**What is required**
Reproduce the line with "El Líder, Félix, ejerce" and everything after it in the listing below, exactly, both ends included. No pictures.

**Data**
........

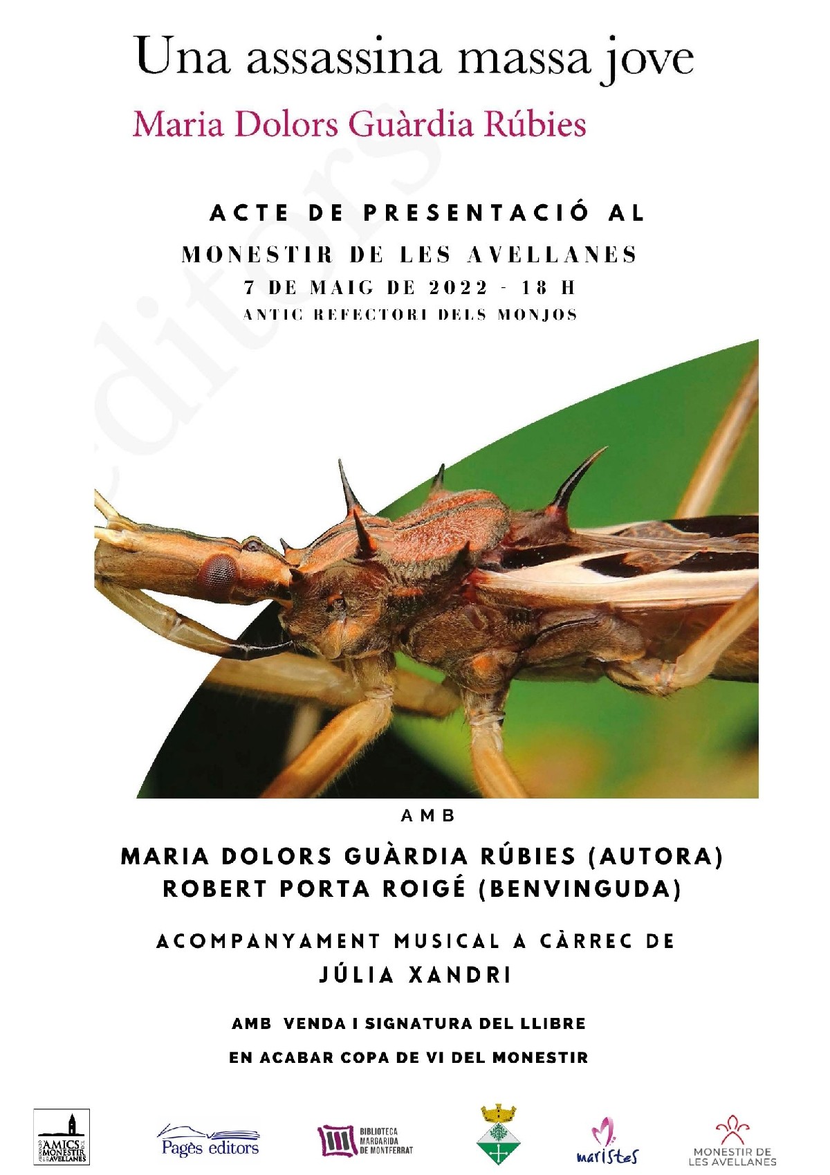 Aquest dissabte 7 de maig es presentarà el llibre 'Una assassina massa jove' de Maria Dolors Guàrdia Rúbies, al Monestir de Santa Maria de les Avellanes
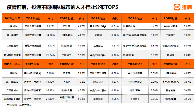 对比2023上半年(疫情后)与2019上半年(疫情前)各行业人才投递不同梯队城市的分布变化,投递一线城市最多的TOP5行业一直是房地产开发经营、互联网、基金/证券/期货、计算机软件、专业技术服务,仅排名上有所变化。
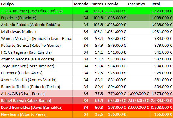 El Líder, Félix, ejerce de tal y con la puntuación más alta de la jornada (122,3 puntazos) gana a Antuán (103,8 puntos), que tuvo posibilidades hasta el último partido, donde necesitaba que Canales le hiciera 20 puntos o más y no se dió. Aun así, Félix, por si acaso, hizo un cambio de última hora de jugador puntuado que le dió rédito, aunque no lo necesitaba...
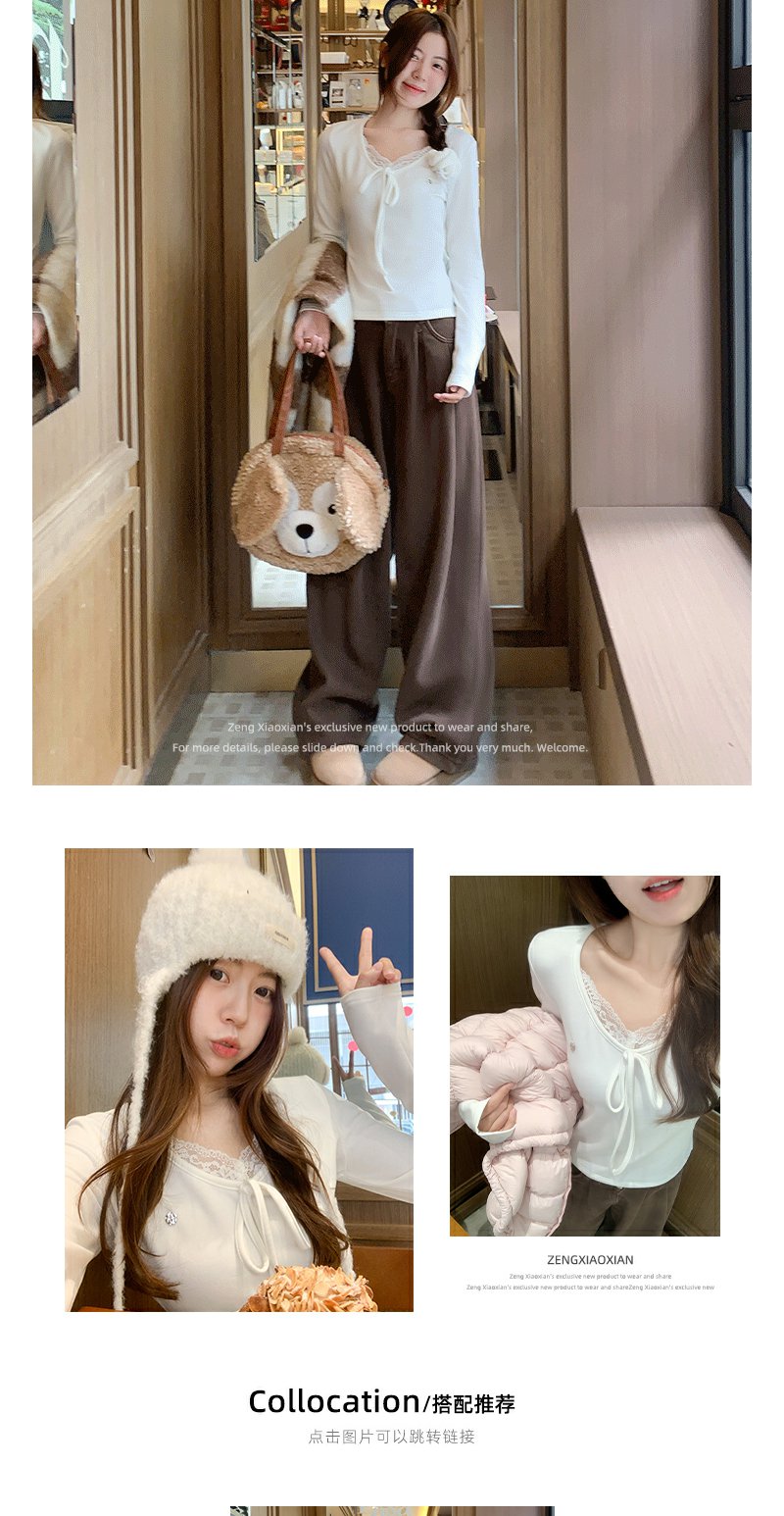 <曾小咸推荐>现货秒杀 !微信超特价!v领蕾丝边打底衫 日常119.99 立减50 秒杀69.99!!

........

**Output**
 El Líder, Félix, ejerce de tal y con la puntuación más alta de la jornada (122,3 puntazos) gana a Antuán (103,8 puntos), que tuvo posibilidades hasta el último partido, donde necesitaba que Canales le hiciera 20 puntos o más y no se dió. Aun así, Félix, por si acaso, hizo un cambio de última hora de jugador puntuado que le dió rédito, aunque no lo necesitaba...
 <曾小咸推荐>现货秒杀 !微信超特价!v领蕾丝边打底衫 日常119.99 立减50 秒杀69.99!!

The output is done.